**Supplied data:**
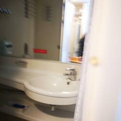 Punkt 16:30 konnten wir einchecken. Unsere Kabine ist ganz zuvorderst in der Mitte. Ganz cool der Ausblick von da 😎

...

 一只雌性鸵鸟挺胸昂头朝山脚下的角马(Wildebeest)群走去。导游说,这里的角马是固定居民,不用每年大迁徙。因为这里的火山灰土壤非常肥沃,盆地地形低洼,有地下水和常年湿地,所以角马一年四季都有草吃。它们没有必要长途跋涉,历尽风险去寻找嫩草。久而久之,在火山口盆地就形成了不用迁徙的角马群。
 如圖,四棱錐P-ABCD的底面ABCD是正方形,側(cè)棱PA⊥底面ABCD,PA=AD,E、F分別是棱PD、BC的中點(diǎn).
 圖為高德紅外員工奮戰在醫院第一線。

**Exercise brief:** Copy the stretch of the records above that runs from the line with "一只雌性鸵鸟挺胸昂头朝山脚下" through the line with "圖為高德紅外員工奮戰在醫院第一線。". Both end lines belong in the copy, and nothing else does.

**Response:**
 一只雌性鸵鸟挺胸昂头朝山脚下的角马(Wildebeest)群走去。导游说,这里的角马是固定居民,不用每年大迁徙。因为这里的火山灰土壤非常肥沃,盆地地形低洼,有地下水和常年湿地,所以角马一年四季都有草吃。它们没有必要长途跋涉,历尽风险去寻找嫩草。久而久之,在火山口盆地就形成了不用迁徙的角马群。
 如圖,四棱錐P-ABCD的底面ABCD是正方形,側(cè)棱PA⊥底面ABCD,PA=AD,E、F分別是棱PD、BC的中點(diǎn).
 圖為高德紅外員工奮戰在醫院第一線。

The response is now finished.